<<<<
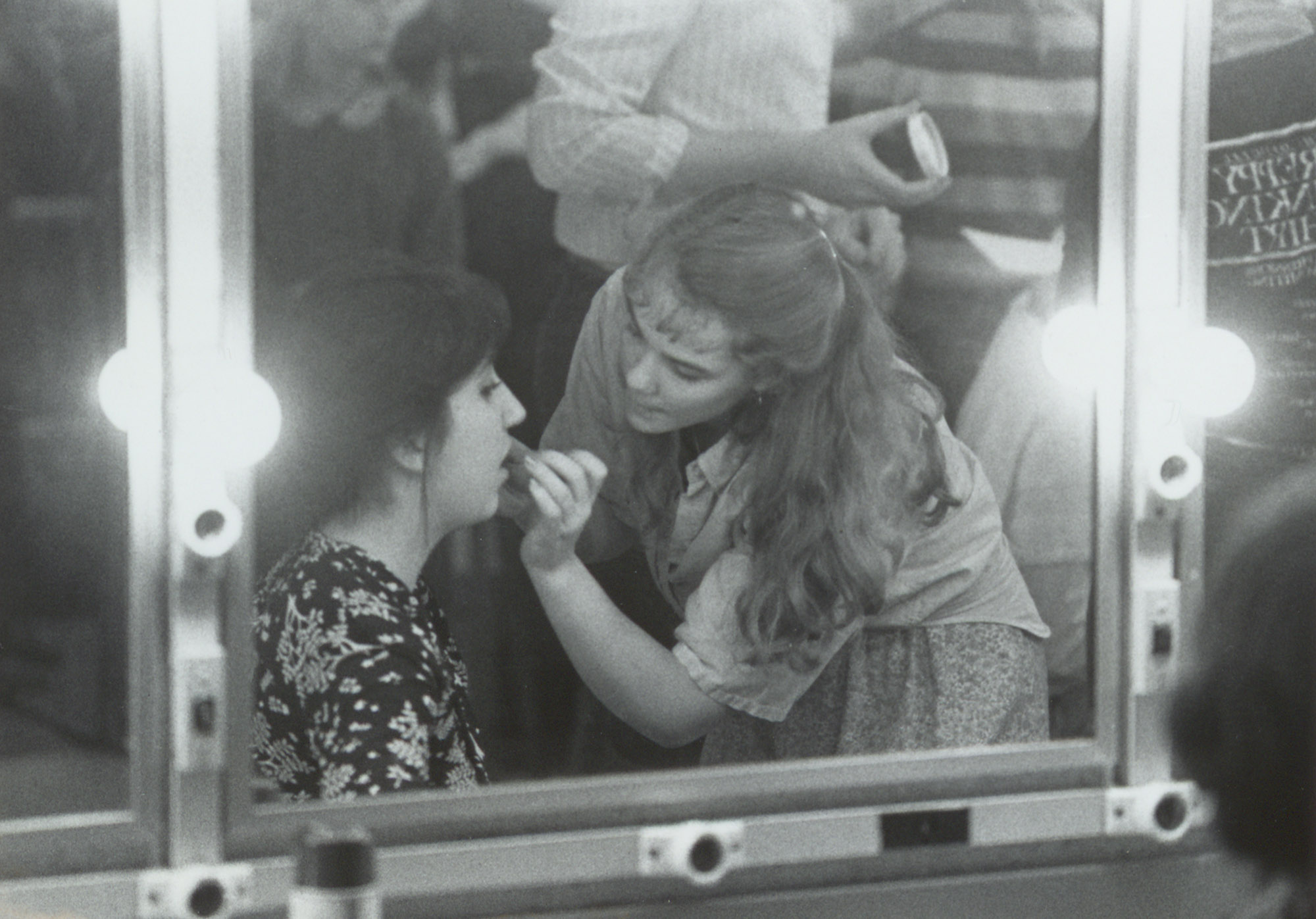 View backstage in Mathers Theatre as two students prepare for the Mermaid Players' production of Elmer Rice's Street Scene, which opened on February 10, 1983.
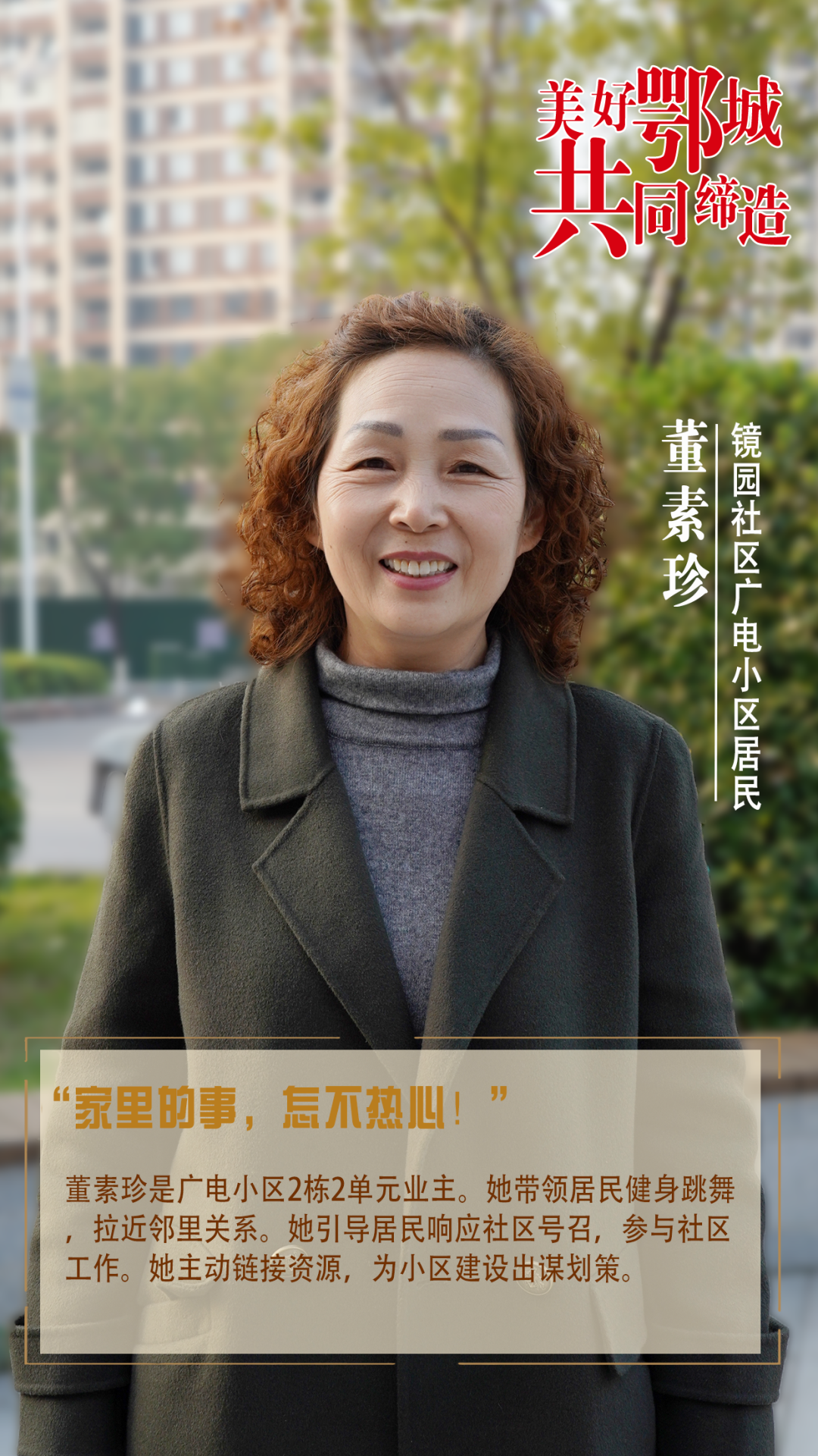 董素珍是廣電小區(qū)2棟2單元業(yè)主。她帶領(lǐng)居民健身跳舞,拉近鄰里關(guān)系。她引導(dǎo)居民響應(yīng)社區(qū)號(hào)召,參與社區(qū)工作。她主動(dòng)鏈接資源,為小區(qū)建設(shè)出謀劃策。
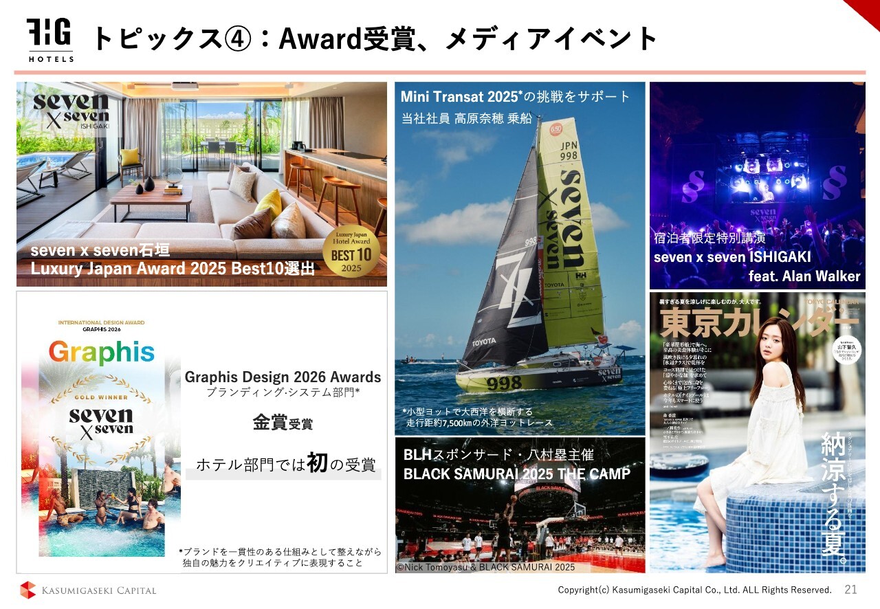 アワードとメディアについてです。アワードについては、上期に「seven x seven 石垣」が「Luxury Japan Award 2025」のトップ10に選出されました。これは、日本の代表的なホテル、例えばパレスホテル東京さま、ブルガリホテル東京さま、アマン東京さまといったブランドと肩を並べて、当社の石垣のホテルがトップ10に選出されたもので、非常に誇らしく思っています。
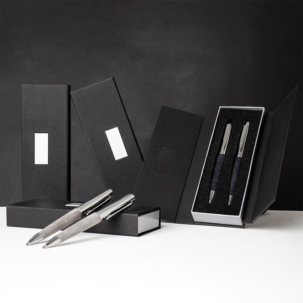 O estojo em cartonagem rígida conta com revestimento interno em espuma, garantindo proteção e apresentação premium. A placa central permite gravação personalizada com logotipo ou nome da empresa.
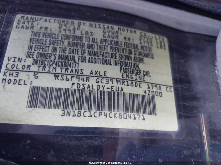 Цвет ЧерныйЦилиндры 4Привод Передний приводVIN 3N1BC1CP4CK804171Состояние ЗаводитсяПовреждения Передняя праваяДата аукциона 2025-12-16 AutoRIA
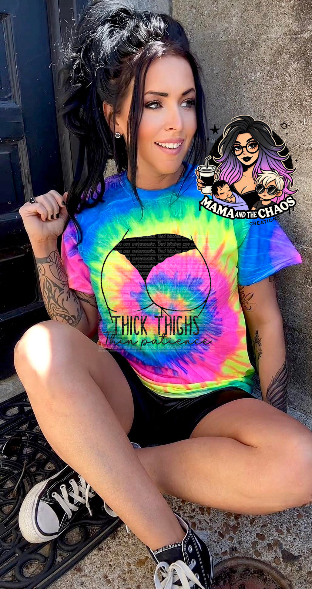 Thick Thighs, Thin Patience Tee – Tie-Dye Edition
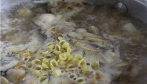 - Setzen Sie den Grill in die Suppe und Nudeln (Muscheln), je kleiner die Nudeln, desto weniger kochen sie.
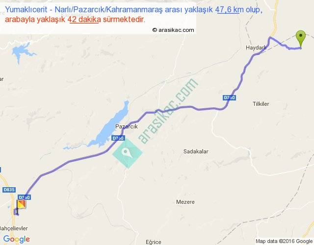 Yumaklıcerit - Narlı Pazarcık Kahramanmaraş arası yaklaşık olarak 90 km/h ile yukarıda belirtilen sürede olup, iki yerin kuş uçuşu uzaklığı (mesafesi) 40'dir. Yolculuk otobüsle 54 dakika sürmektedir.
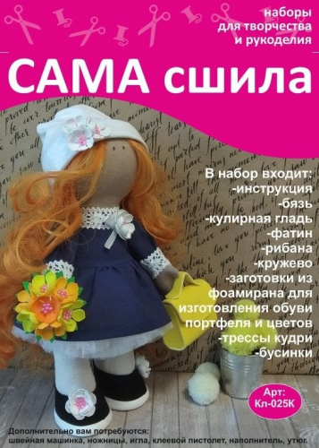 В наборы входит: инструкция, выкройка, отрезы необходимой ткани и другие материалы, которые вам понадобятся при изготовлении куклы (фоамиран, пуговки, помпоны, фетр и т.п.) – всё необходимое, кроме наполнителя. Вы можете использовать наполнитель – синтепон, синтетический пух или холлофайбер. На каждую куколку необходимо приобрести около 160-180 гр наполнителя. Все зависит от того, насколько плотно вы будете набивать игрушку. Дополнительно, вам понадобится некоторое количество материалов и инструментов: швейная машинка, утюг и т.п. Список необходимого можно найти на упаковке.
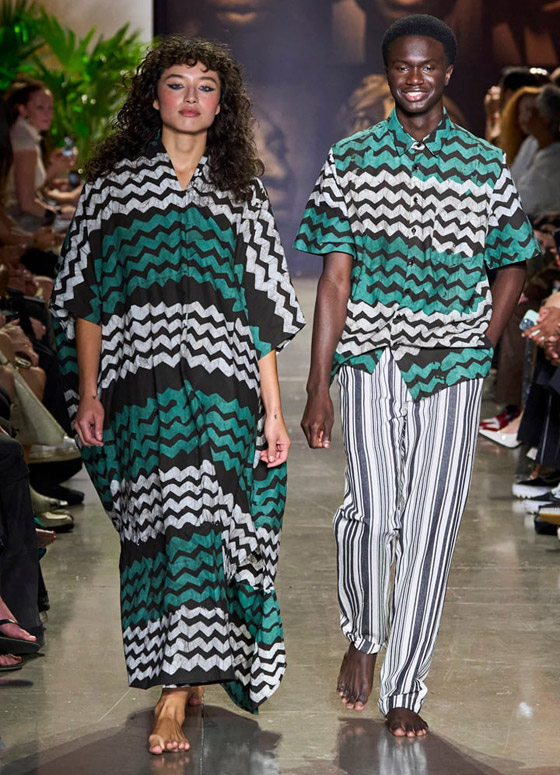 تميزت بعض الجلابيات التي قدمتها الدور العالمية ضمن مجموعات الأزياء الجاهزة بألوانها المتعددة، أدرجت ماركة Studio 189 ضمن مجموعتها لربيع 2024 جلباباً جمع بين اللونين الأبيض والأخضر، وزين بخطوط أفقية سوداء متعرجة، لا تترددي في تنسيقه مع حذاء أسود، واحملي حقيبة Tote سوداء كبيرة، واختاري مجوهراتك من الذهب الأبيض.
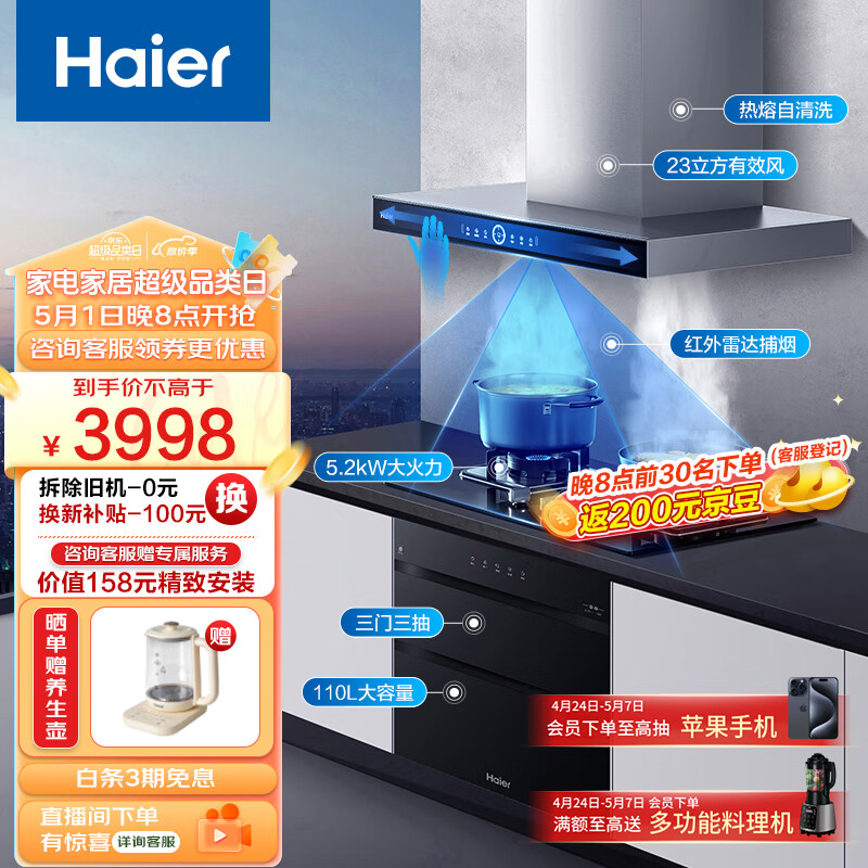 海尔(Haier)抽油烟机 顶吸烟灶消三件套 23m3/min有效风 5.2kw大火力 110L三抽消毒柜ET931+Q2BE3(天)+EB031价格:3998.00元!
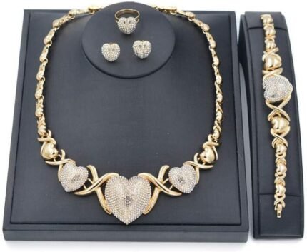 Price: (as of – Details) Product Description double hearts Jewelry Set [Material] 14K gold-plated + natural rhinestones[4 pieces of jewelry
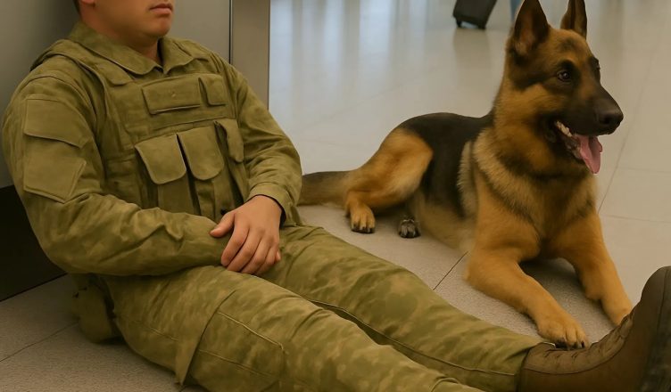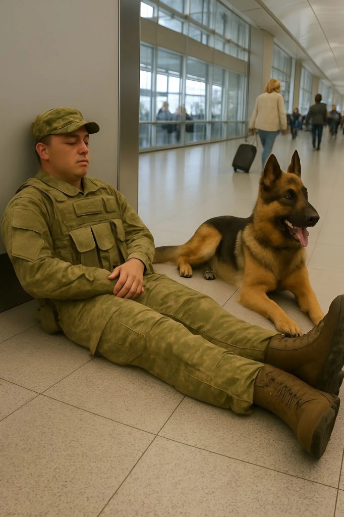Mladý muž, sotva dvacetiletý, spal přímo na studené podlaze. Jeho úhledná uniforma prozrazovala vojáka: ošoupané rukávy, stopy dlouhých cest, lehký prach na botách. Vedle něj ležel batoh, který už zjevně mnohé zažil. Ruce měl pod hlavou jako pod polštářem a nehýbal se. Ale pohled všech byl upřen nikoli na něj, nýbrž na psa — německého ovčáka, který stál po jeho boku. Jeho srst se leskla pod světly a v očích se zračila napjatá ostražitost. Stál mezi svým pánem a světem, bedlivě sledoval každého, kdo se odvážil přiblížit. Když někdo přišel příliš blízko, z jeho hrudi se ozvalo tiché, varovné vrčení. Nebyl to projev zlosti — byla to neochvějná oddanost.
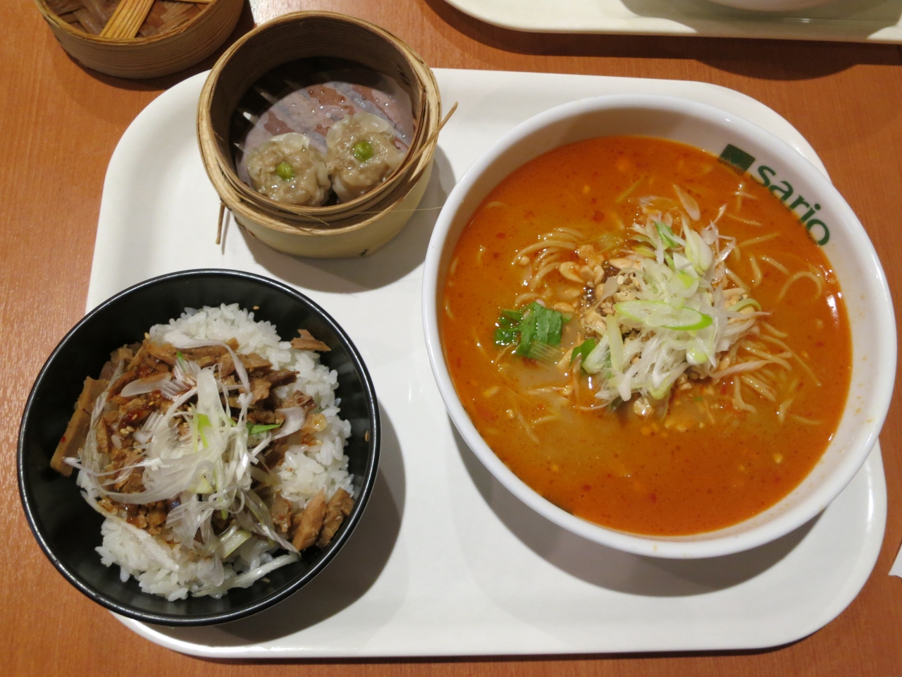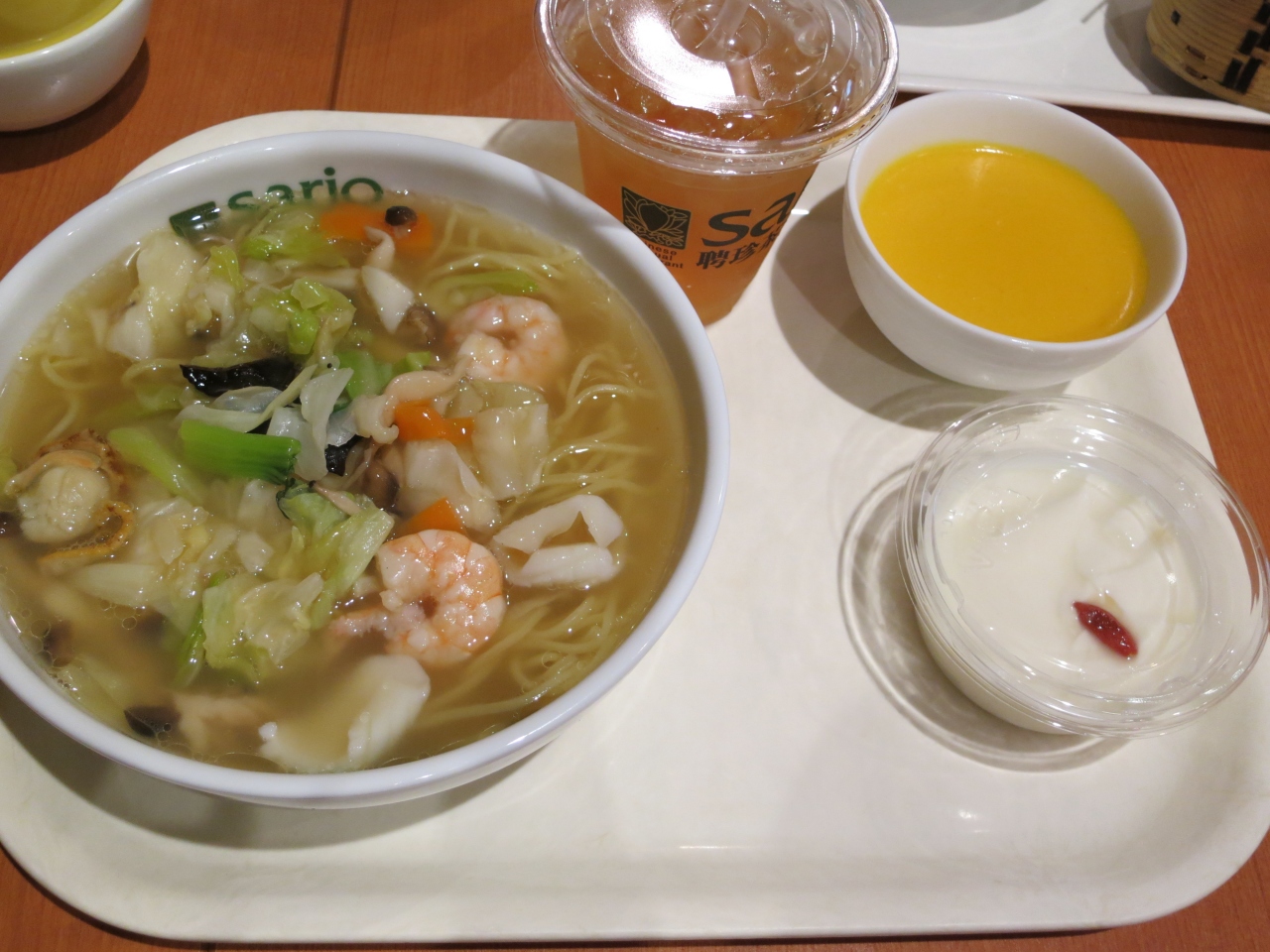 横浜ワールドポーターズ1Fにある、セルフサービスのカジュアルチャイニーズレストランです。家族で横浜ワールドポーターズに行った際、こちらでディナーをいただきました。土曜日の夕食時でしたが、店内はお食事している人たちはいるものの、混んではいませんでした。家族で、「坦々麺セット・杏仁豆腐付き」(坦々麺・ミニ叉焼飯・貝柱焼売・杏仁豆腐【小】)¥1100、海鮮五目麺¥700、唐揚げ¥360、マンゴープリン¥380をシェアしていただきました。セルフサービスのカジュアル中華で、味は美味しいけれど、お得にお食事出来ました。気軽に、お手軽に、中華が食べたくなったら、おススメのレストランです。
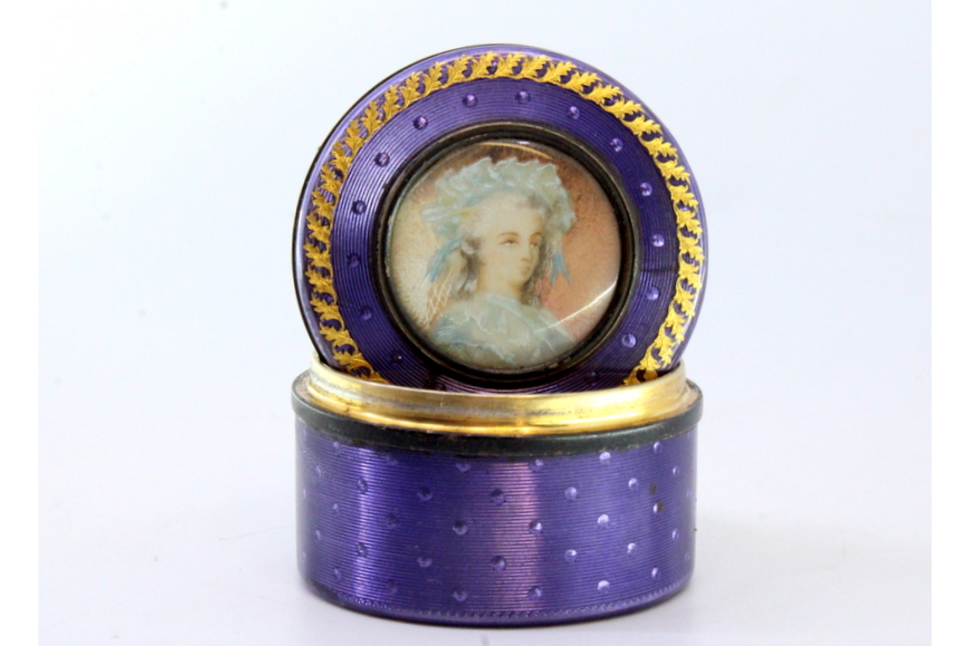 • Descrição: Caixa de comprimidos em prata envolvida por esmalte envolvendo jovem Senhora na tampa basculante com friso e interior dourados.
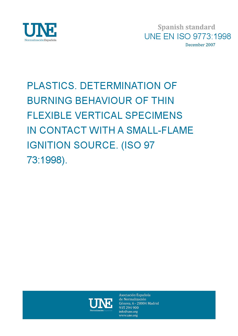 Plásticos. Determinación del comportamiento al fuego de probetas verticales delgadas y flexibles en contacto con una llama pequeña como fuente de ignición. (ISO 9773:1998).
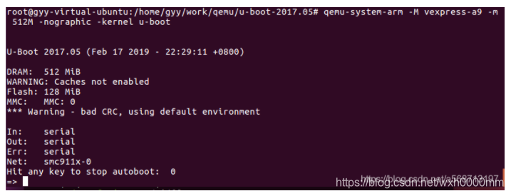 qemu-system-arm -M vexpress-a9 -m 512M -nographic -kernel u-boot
>>>>
Return, unchanged, the lines from the first line of the material through the line that holds "董素珍是廣電小區(qū)2棟", inclusive, omitting pictures.

 View backstage in Mathers Theatre as two students prepare for the Mermaid Players' production of Elmer Rice's Street Scene, which opened on February 10, 1983.
 董素珍是廣電小區(qū)2棟2單元業(yè)主。她帶領(lǐng)居民健身跳舞,拉近鄰里關(guān)系。她引導(dǎo)居民響應(yīng)社區(qū)號(hào)召,參與社區(qū)工作。她主動(dòng)鏈接資源,為小區(qū)建設(shè)出謀劃策。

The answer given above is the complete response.